Activity —
Down to the last line, set down the material below exactly, excluding pictures.

Input data Start Marker

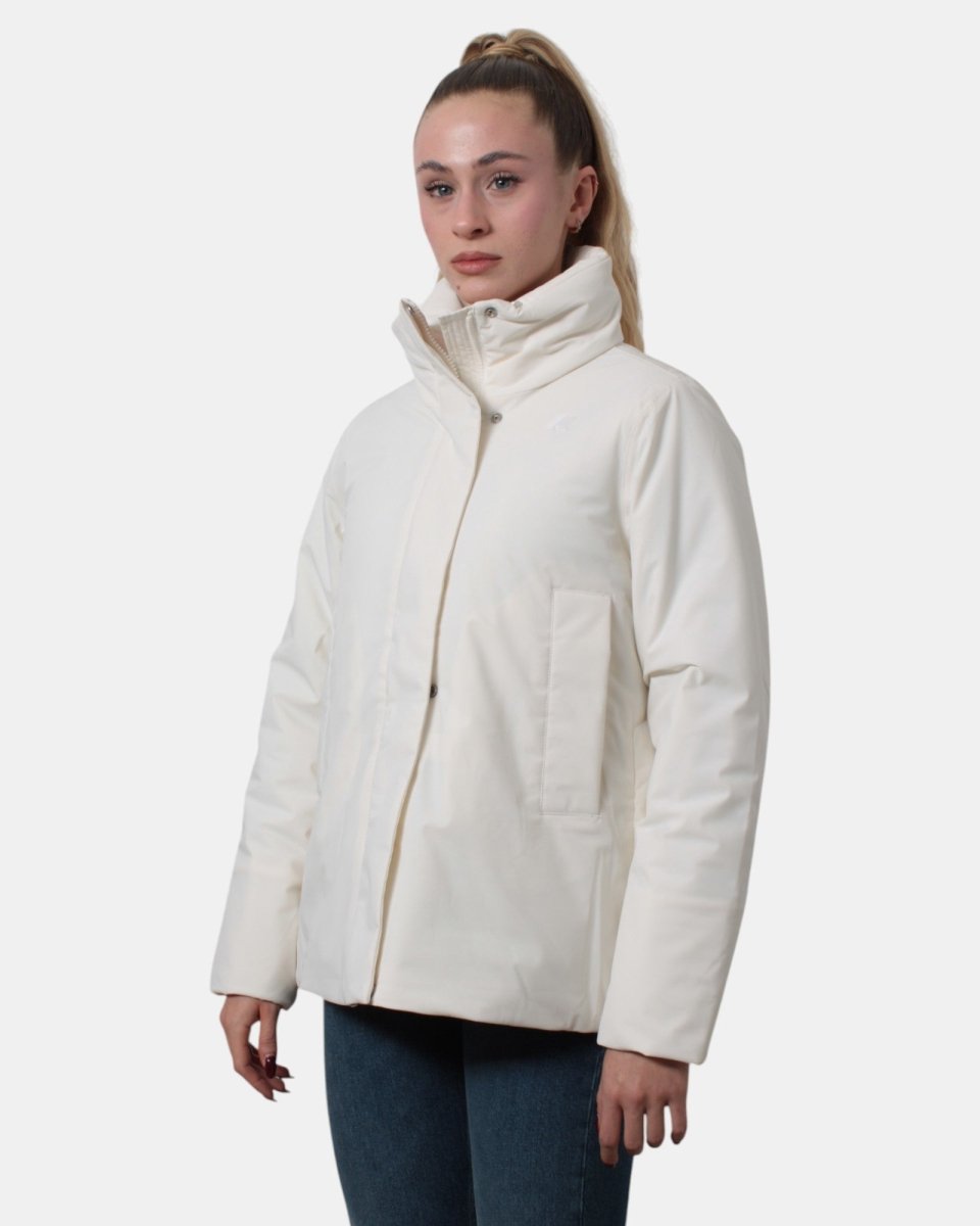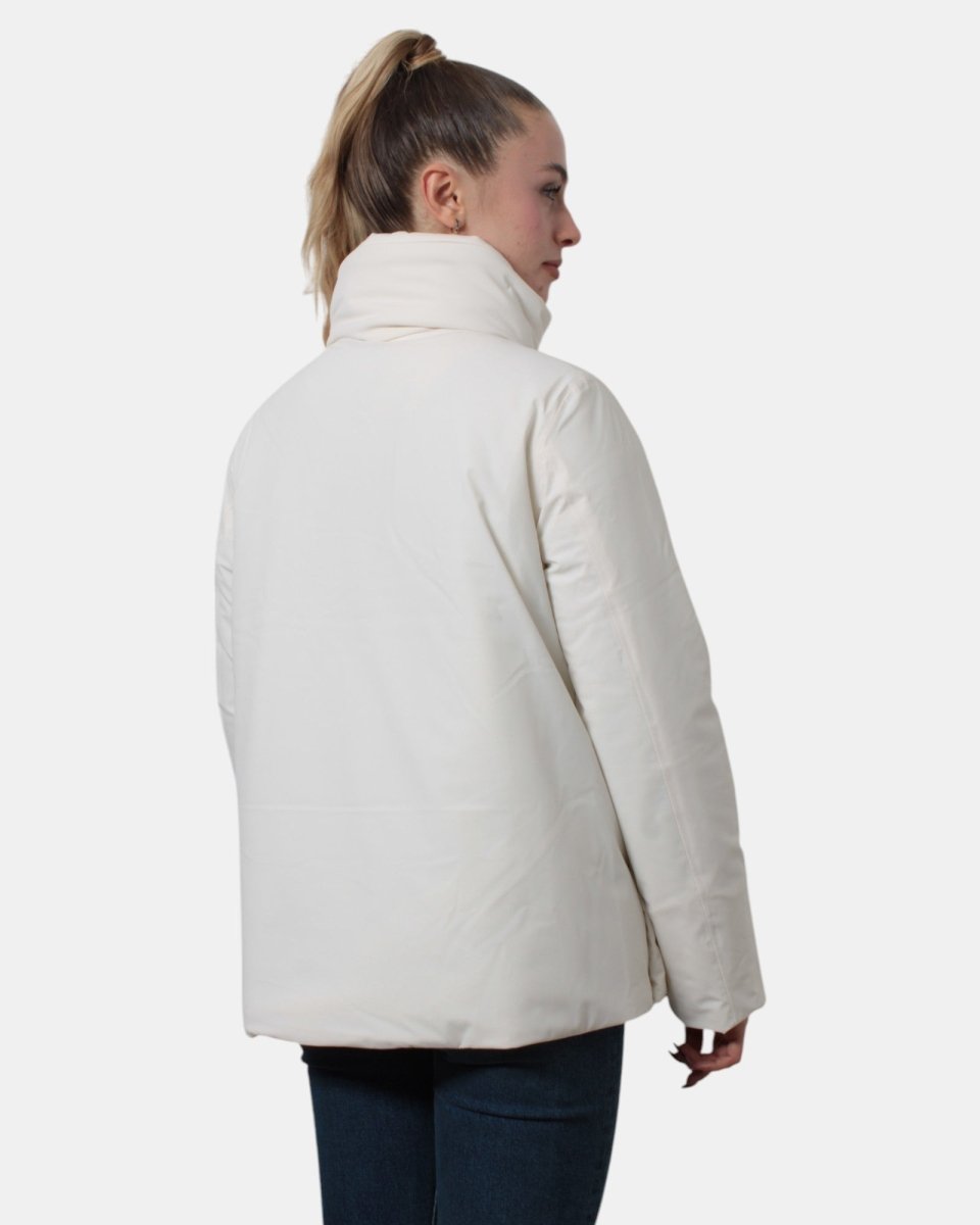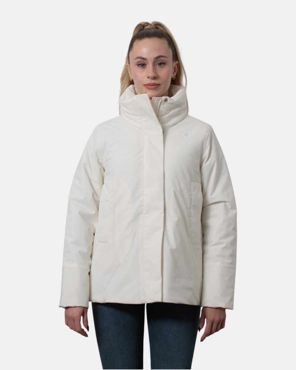 Il giccone di K-Way con collo presenta chiusura frontale con zip e bottoni a pressione, due tasche frontali oblique con chiusura a bottone e maniche con elastico. Internamente è composto per il 100% da poliammide e esternamente per il 92% da nylon e 8% elastan. Si consiglia lavaggio delicato a max 40 gradi. La modella è alta 1,65 m e indossa una M
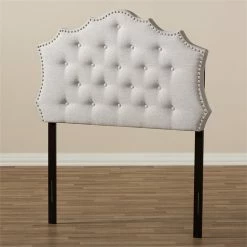 Classic finishes and an elegant curved shape make the Bowery Hill fabric upholstered headboard the perfect centerpiece in your bedroom or guest room. Constructed of solid rubberwood frame, the headboard is upholstered in grayish beige polyester fabric that is durable. Featuring curvaceous style lines with button-tufted design, the headboard is glamorously trimmed with silver nail heads. The headboard is supported sturdily by solid wood posts and is exceptionally cushioned to provide softness and shape while you sit up.
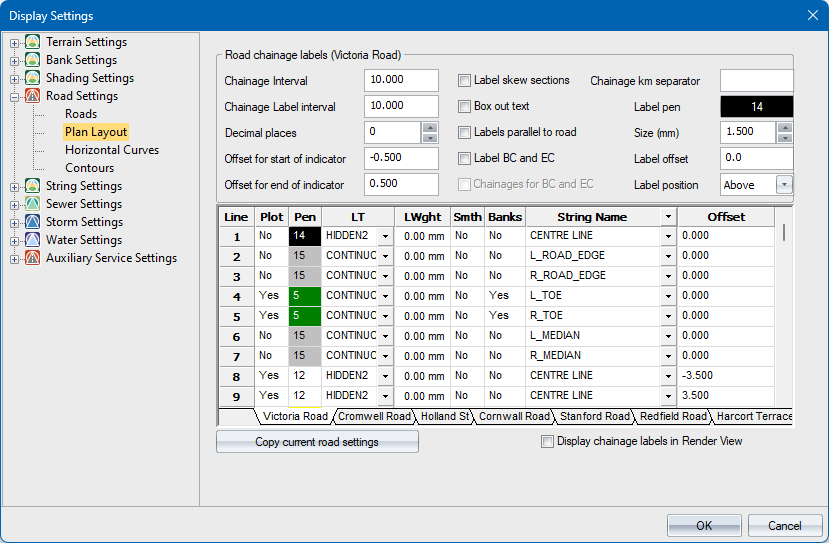Select this checkbox if you want to draw your chainage labels in Render View (defaults to OFF). This option only impacts the way you draw the roads in Render View. |
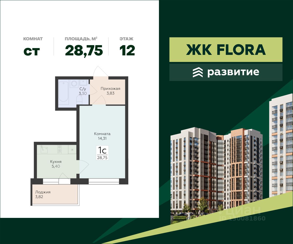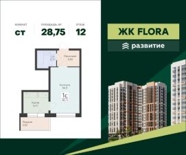 В продаже квартира площадью 28.75 кв. м с черновой отделкой. Квартира расположена на 12 этаже 17 этажного дома, в жилом комплексе комфорт-класса FLORA ("Флора").
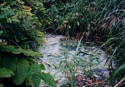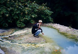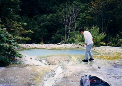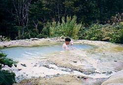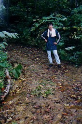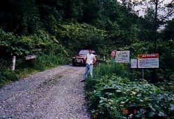 粘土質の土と下り坂に阻まれてタイヤが空回りしたが、少し前へ出てもう一度思いっきりアクセルを踏み込むと、どうにか脇の雑草のスペースへ車体を入れることに成功。しかし前は岩場で、少ししか車を前に出すことができない。 この時、さっきえぐられた部分に枯れ木をはめ込んだことが役に立った。 前に立ちはだかる岩場ギリギリまで車を数十センチ前に出す。はめ込んだ枯れ木の上に前輪を乗せ、もう一度車を切返すことができたのだ。ただし、雑草の生えているスペースの右側にも大きな岩場があり、車体は、ぎりぎり一杯。 もう一度バックして切り返す際に、私は、「こうなったらちょっとぐらい車が傷ついてもいいや!」という気持ちで岩ギリギリまで「オーライ。オーライ」(本当は全然オーライって感じじゃなかったけど)と誘導し、何度か切返した結果、やっとUターンして坂を登ることに成功した。 RAV−4って意外と大きいんだなあ。こんな細いカーブで、よくUターンできたよ。みのりんってかなり運転技術があるのかしら?なんて思ったりして。 最大の危機が去った瞬間、また恐怖が襲ってきて、急いで助手席に乗り込むと最後のカーブまで勢いよく上り坂を戻った。 どうにか最後の急なカーブの手前まで戻り、スペースを見つけて駐車すると、改めてかなりヤバイ状態だったことを再確認。二人とも暑さでは出ない汗で全身じっとりとしていたよ。 よくよく考えてみると、もしあの場でスタックし、車を動かせない状態になった場合、27Kmの道のりを熊の恐怖に怯えながら宮内温泉まで戻り、助けを求めにいかなければならなかった。 もし、戻る途中に足を踏み外したり、熊に襲われたりした場合、入林届を書いていない私達の存在は誰も知らないから、救助を待っても誰も来ないわけだ。望みとしては旅行から帰ってこない私達を心配した両親が、「金花湯周辺を捜索してください!」って訴えてくれるのを待つか、林道入り口で作業をしていたおじさんが、「そういえば、あの車戻ってこないなあ?」と疑問に思ってくれるかを期待する程度しかない。それにしたって捜索開始まで2〜3日はかかるだろう。時間が経過するにつれて逆に恐怖が増してきた。 こんな思いまでして27Km進んできたのだから、金花湯を体験せずには帰れないという思いが強くなった。(その思考がちょっと変?な二人) 完全防備で金花湯を目指そうと準備をしていると、背中の右側に「チクッ」っと強烈な痛み。 「痛い〜!」何かに刺されたみたい。その数秒後、今度は背中の左側に「チクッ」とした痛み。「痛い!痛い!」 急いでTシャツをめくりあげて、みのりんに背中を見てもらったんだけど、何にもなっていない様子。虫に気をつけなきゃって話をしながら、長袖で防備して、首にはタオルを巻き、帽子をかぶって軍手をはめて、これで大丈夫だろうと車の外に出ると、すぐに「チクッ」っと左耳上部に痛みが走りました。「痛い!」思わず耳に手をあてると、蚊の小さな感じの虫がつぶれていました。 さっきの背中の痛みと同じだったので、たぶん同じ虫なのでしょう。まったく油断できませんね。私の様子を見たみのりんは、長袖のTシャツだけでは不安になったようで、少し暑かったけど、ウインドブレーカーを着ることに。だってさっきは私も背中をTシャツの上から刺されたくらいですから。 準備を整えた二人は、携帯用のラジオを首からぶら下げて、電波が入りやすいNHKの周波数にダイヤルを合わせ、大音量でかけながら進みはじめました。スタックしそうになった道を徒歩で進み、改めてすごいとこへ車で入り込んじゃったことを再確認。滑らないように注意しながら下っていきました。 800mくらい歩くと川にぶつかりました。どうやら、メールでいただいた「最後は800m徒歩」という所まで車で入りこんだようでした。ほんと危なかった〜。 渓流の向こう岸に、道らしいものがあるかどうかを探しました。道と呼ぶのかわからないような、腰を屈めて進むような小道がありました。童話の「不思議の国のアリス」に出てくる、アリスがうさぎの後をつけていくようなイバラの小道って感じです。 急流に足を取られないように、近くにあった枝を杖代わりに使って、石の上を進み、やっとのことで向こう岸に到着。小道の奥の方を覗き込んで確認してみました。ちょっとぬかるんでいますが、足跡を発見。(もちろん人間の。熊じゃありません。念のため) 絶対ここでいいんだ〜。っていう確信を抱きつつ、腰を屈めて進み始めました。 左右そして上まで、雑草のような木々が茂っているので、腰を屈めないと進めません。掻き分けながら、ぬかるんだ道を進みます。いただいたメールに「最後の徒歩には長靴が必要です」って書いてあったのは、このぬかるんだ道があるからなんだな〜。と思ったけど後の祭り。トレッキング用の靴をはいてきてしまったので、中まで水は入るし、ぬかるみで無残にもドロドロです(^^; そんなことを
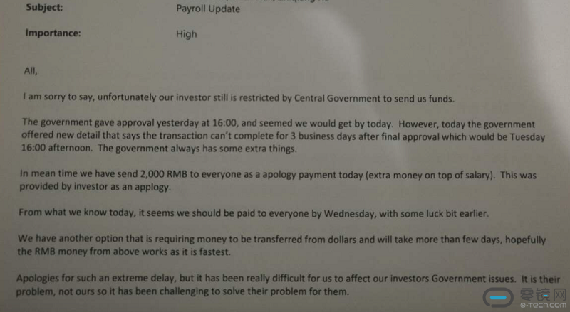 大卫称,刚刚开始欠薪的时候,Adam还给他们发过许多邮件,这些邮件往往把欠薪归咎于银行或者政府的拖延。在这期间,公司还发放过“来自投资人道歉”的2000元的补偿。
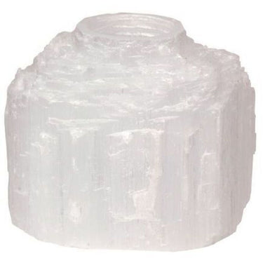 The Selenite Natural Candleholder stands at a height of 3.5 inches and features a diameter of 3-3.5 inches, making it a versatile and easily placed addition to any table or shelf. Its lightweight construction, weighing between 1-1.5 lbs, ensures that it can be moved and positioned with ease. The unique crystalline structure and pearlescent finish make each piece truly one of a kind.
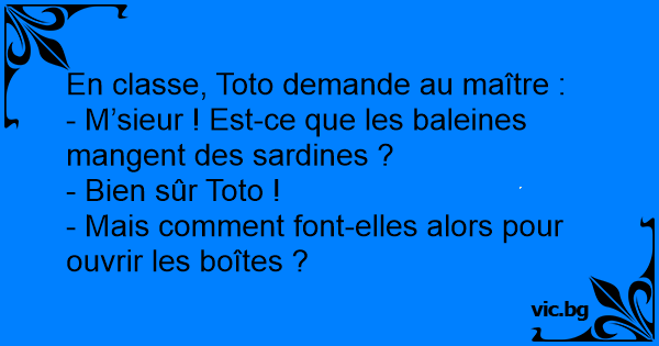 - M’sieur ! Est-ce que les baleines mangent des sardines ?
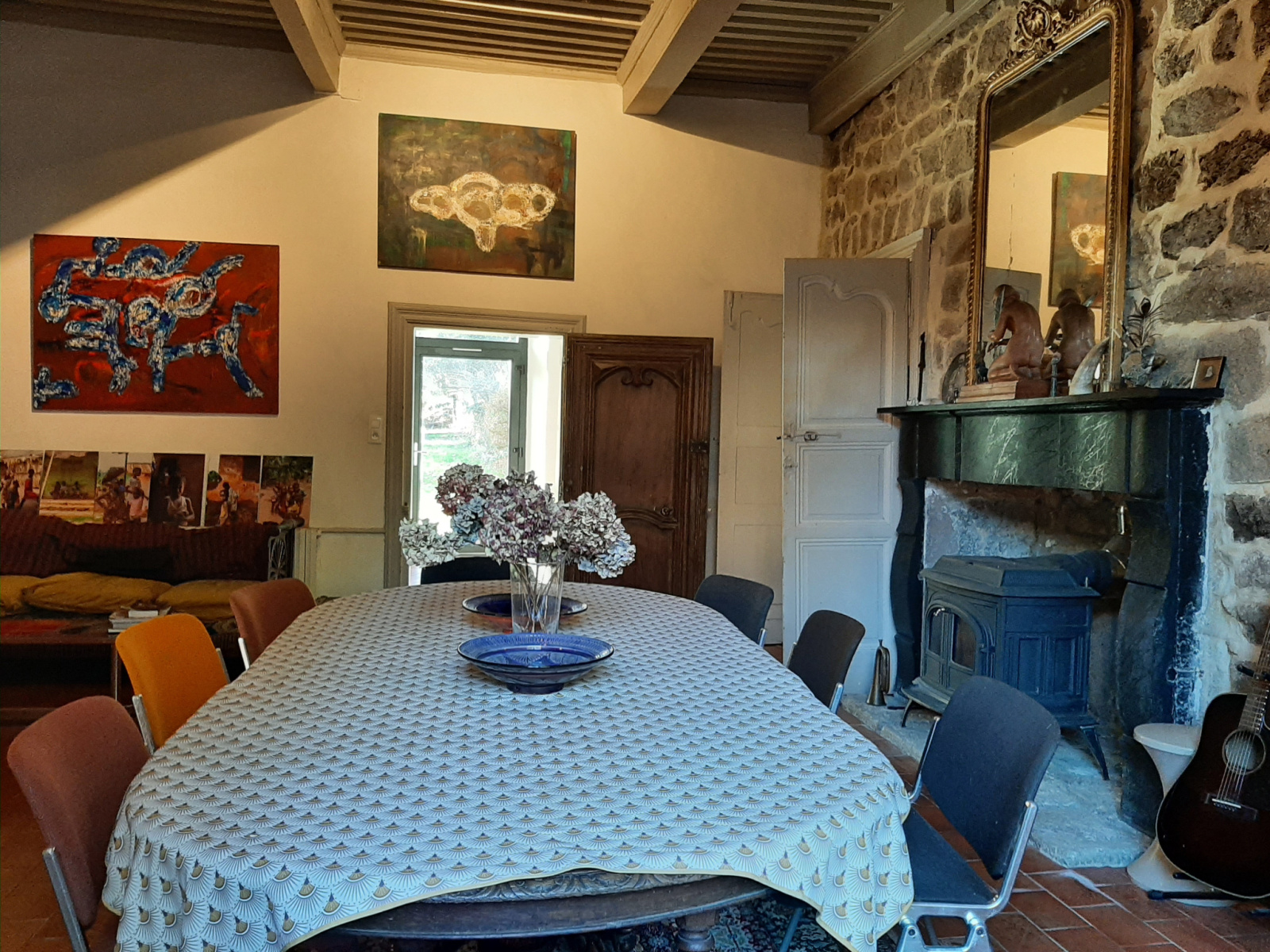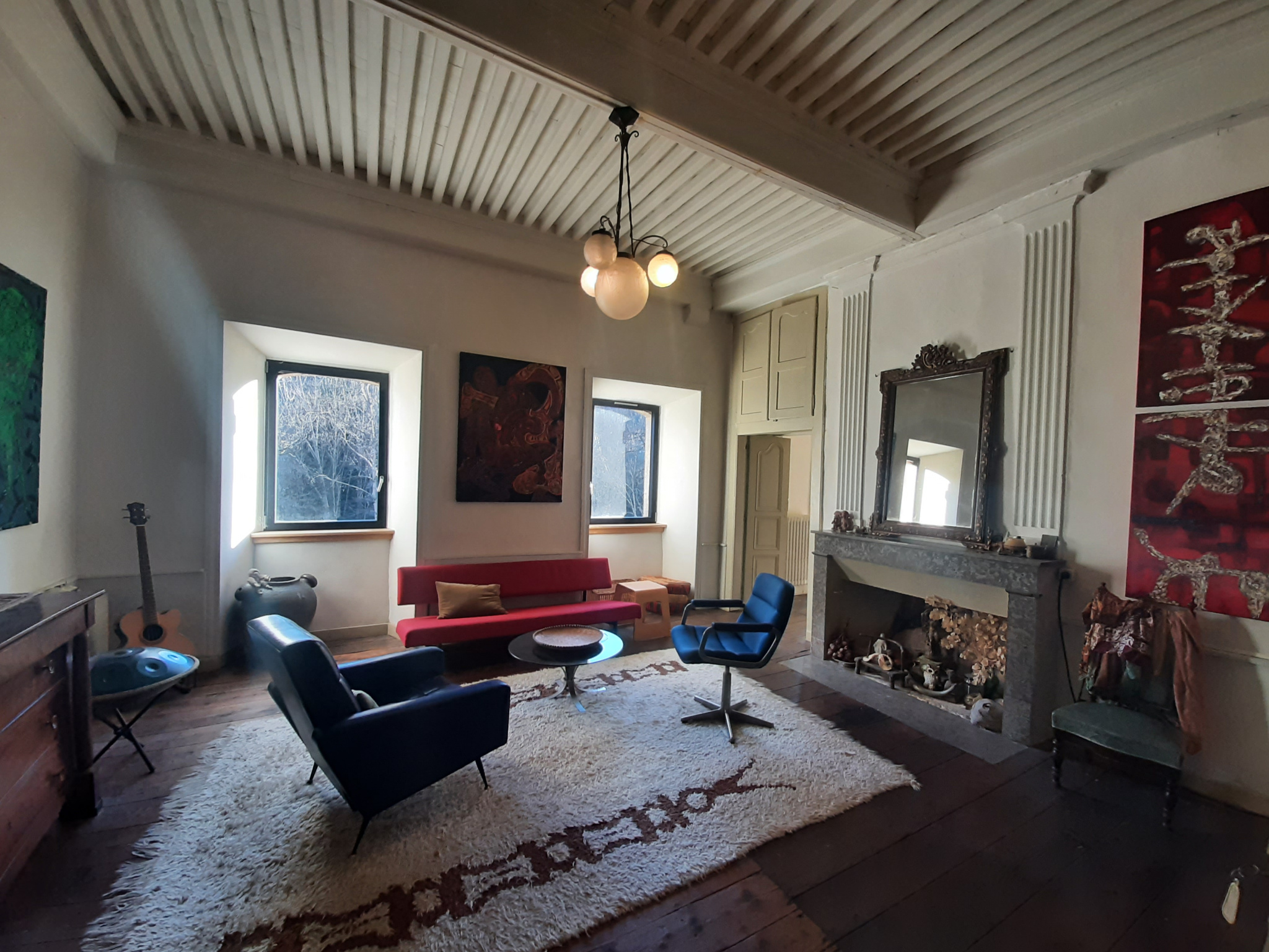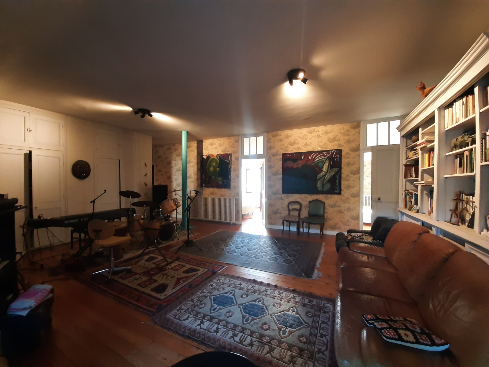 La maison développe une surface habitable d’environ 369 m², répartie en 12 pièces, avec de vastes espaces de réception offrant de belles hauteurs sous plafonds à la française, véritables marqueurs du charme de l’ancien.

Input data End Marker

Finished task —
 Il giccone di K-Way con collo presenta chiusura frontale con zip e bottoni a pressione, due tasche frontali oblique con chiusura a bottone e maniche con elastico. Internamente è composto per il 100% da poliammide e esternamente per il 92% da nylon e 8% elastan. Si consiglia lavaggio delicato a max 40 gradi. La modella è alta 1,65 m e indossa una M
 Classic finishes and an elegant curved shape make the Bowery Hill fabric upholstered headboard the perfect centerpiece in your bedroom or guest room. Constructed of solid rubberwood frame, the headboard is upholstered in grayish beige polyester fabric that is durable. Featuring curvaceous style lines with button-tufted design, the headboard is glamorously trimmed with silver nail heads. The headboard is supported sturdily by solid wood posts and is exceptionally cushioned to provide softness and shape while you sit up.
Select this checkbox if you want to draw your chainage labels in Render View (defaults to OFF). This option only impacts the way you draw the roads in Render View. |
 В продаже квартира площадью 28.75 кв. м с черновой отделкой. Квартира расположена на 12 этаже 17 этажного дома, в жилом комплексе комфорт-класса FLORA ("Флора").
 粘土質の土と下り坂に阻まれてタイヤが空回りしたが、少し前へ出てもう一度思いっきりアクセルを踏み込むと、どうにか脇の雑草のスペースへ車体を入れることに成功。しかし前は岩場で、少ししか車を前に出すことができない。 この時、さっきえぐられた部分に枯れ木をはめ込んだことが役に立った。 前に立ちはだかる岩場ギリギリまで車を数十センチ前に出す。はめ込んだ枯れ木の上に前輪を乗せ、もう一度車を切返すことができたのだ。ただし、雑草の生えているスペースの右側にも大きな岩場があり、車体は、ぎりぎり一杯。 もう一度バックして切り返す際に、私は、「こうなったらちょっとぐらい車が傷ついてもいいや!」という気持ちで岩ギリギリまで「オーライ。オーライ」(本当は全然オーライって感じじゃなかったけど)と誘導し、何度か切返した結果、やっとUターンして坂を登ることに成功した。 RAV−4って意外と大きいんだなあ。こんな細いカーブで、よくUターンできたよ。みのりんってかなり運転技術があるのかしら?なんて思ったりして。 最大の危機が去った瞬間、また恐怖が襲ってきて、急いで助手席に乗り込むと最後のカーブまで勢いよく上り坂を戻った。 どうにか最後の急なカーブの手前まで戻り、スペースを見つけて駐車すると、改めてかなりヤバイ状態だったことを再確認。二人とも暑さでは出ない汗で全身じっとりとしていたよ。 よくよく考えてみると、もしあの場でスタックし、車を動かせない状態になった場合、27Kmの道のりを熊の恐怖に怯えながら宮内温泉まで戻り、助けを求めにいかなければならなかった。 もし、戻る途中に足を踏み外したり、熊に襲われたりした場合、入林届を書いていない私達の存在は誰も知らないから、救助を待っても誰も来ないわけだ。望みとしては旅行から帰ってこない私達を心配した両親が、「金花湯周辺を捜索してください!」って訴えてくれるのを待つか、林道入り口で作業をしていたおじさんが、「そういえば、あの車戻ってこないなあ?」と疑問に思ってくれるかを期待する程度しかない。それにしたって捜索開始まで2〜3日はかかるだろう。時間が経過するにつれて逆に恐怖が増してきた。 こんな思いまでして27Km進んできたのだから、金花湯を体験せずには帰れないという思いが強くなった。(その思考がちょっと変?な二人) 完全防備で金花湯を目指そうと準備をしていると、背中の右側に「チクッ」っと強烈な痛み。 「痛い〜!」何かに刺されたみたい。その数秒後、今度は背中の左側に「チクッ」とした痛み。「痛い!痛い!」 急いでTシャツをめくりあげて、みのりんに背中を見てもらったんだけど、何にもなっていない様子。虫に気をつけなきゃって話をしながら、長袖で防備して、首にはタオルを巻き、帽子をかぶって軍手をはめて、これで大丈夫だろうと車の外に出ると、すぐに「チクッ」っと左耳上部に痛みが走りました。「痛い!」思わず耳に手をあてると、蚊の小さな感じの虫がつぶれていました。 さっきの背中の痛みと同じだったので、たぶん同じ虫なのでしょう。まったく油断できませんね。私の様子を見たみのりんは、長袖のTシャツだけでは不安になったようで、少し暑かったけど、ウインドブレーカーを着ることに。だってさっきは私も背中をTシャツの上から刺されたくらいですから。 準備を整えた二人は、携帯用のラジオを首からぶら下げて、電波が入りやすいNHKの周波数にダイヤルを合わせ、大音量でかけながら進みはじめました。スタックしそうになった道を徒歩で進み、改めてすごいとこへ車で入り込んじゃったことを再確認。滑らないように注意しながら下っていきました。 800mくらい歩くと川にぶつかりました。どうやら、メールでいただいた「最後は800m徒歩」という所まで車で入りこんだようでした。ほんと危なかった〜。 渓流の向こう岸に、道らしいものがあるかどうかを探しました。道と呼ぶのかわからないような、腰を屈めて進むような小道がありました。童話の「不思議の国のアリス」に出てくる、アリスがうさぎの後をつけていくようなイバラの小道って感じです。 急流に足を取られないように、近くにあった枝を杖代わりに使って、石の上を進み、やっとのことで向こう岸に到着。小道の奥の方を覗き込んで確認してみました。ちょっとぬかるんでいますが、足跡を発見。(もちろん人間の。熊じゃありません。念のため) 絶対ここでいいんだ〜。っていう確信を抱きつつ、腰を屈めて進み始めました。 左右そして上まで、雑草のような木々が茂っているので、腰を屈めないと進めません。掻き分けながら、ぬかるんだ道を進みます。いただいたメールに「最後の徒歩には長靴が必要です」って書いてあったのは、このぬかるんだ道があるからなんだな〜。と思ったけど後の祭り。トレッキング用の靴をはいてきてしまったので、中まで水は入るし、ぬかるみで無残にもドロドロです(^^; そんなことを
 大卫称,刚刚开始欠薪的时候,Adam还给他们发过许多邮件,这些邮件往往把欠薪归咎于银行或者政府的拖延。在这期间,公司还发放过“来自投资人道歉”的2000元的补偿。
 The Selenite Natural Candleholder stands at a height of 3.5 inches and features a diameter of 3-3.5 inches, making it a versatile and easily placed addition to any table or shelf. Its lightweight construction, weighing between 1-1.5 lbs, ensures that it can be moved and positioned with ease. The unique crystalline structure and pearlescent finish make each piece truly one of a kind.
 - M’sieur ! Est-ce que les baleines mangent des sardines ?
 La maison développe une surface habitable d’environ 369 m², répartie en 12 pièces, avec de vastes espaces de réception offrant de belles hauteurs sous plafonds à la française, véritables marqueurs du charme de l’ancien.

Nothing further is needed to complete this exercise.